Wednesday, September 08, 2010

    Community Builder: Affirmation Circle

    Jesus' ministry was often to those who were the outcasts and the forgotten in his culture.  Time and again he empowered them to see themselves not as the discarded or the insignificant but as God's beloved children.  The world might be a more compassionate and peaceful place if more people embraced this simple truth and truly trusted it.  I'm a firm believer that we can't really learn to fully love others until we learn to fully love ourselves.

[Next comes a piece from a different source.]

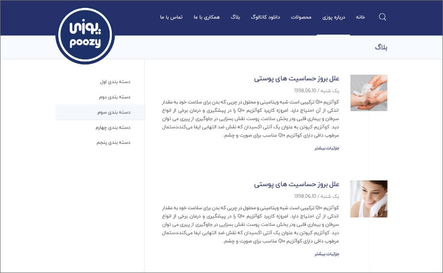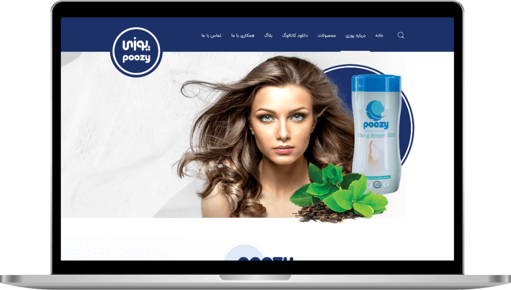 The Poozy.co website was developed for Erfan Tak Azar Company in 2019, specializing in showcasing cosmetic and cellulose products. The website is designed to display two main product categories: cosmetics and children’s products, all made with organic ingredients and high-quality lotions produced by the company.

    With that in mind, invite youth into a simple experience of affirming each other as an expression of love and care for their fellow youth group members.  Tape a simple, white paper plate to each person's back and give everyone a magic marker.  Invite youth to mill around the room as they take time to write one or more affirming words on each person's plate.  Challenge them to think of descriptive words or phrases that describe each person's unique qualities.  When finished, take off each person's plate and write their name on the back.  Consider closing your meeting by sharing and discussing Psalm 139 and passing out the plates for youth to take home and hang in their rooms as a reminder that they are wonderfully made...and as a daily challenge to see others this way, too.


    Christopher Wesley said...

    Nice and simple suggestion, great for the students to hear something positive. One thing I find hard is for the students to really find authentic affirmations. A lot of the time when we've asked them to affirm someone, it's something like, "I like your shirt." It would be great if we could get them to look deeper, but then again I know teens who's days have been made when you compliment a piece of clothing that they are wearing.
    Right now we have a small group with only two girls (looking to recruit more), but one girl is special needs and the other is a little frustrated. I think an exercise like this could really help break the ice.

    Brian said...

    That's an excellent point. Often when I do this activity I rule out affirmations of a person's appearance and encourage youth to focus on a person's abilities or character. All of us, I guess, (not just teens) tend to focus on the superficial and it takes some pratice to learn to see each other more deeply.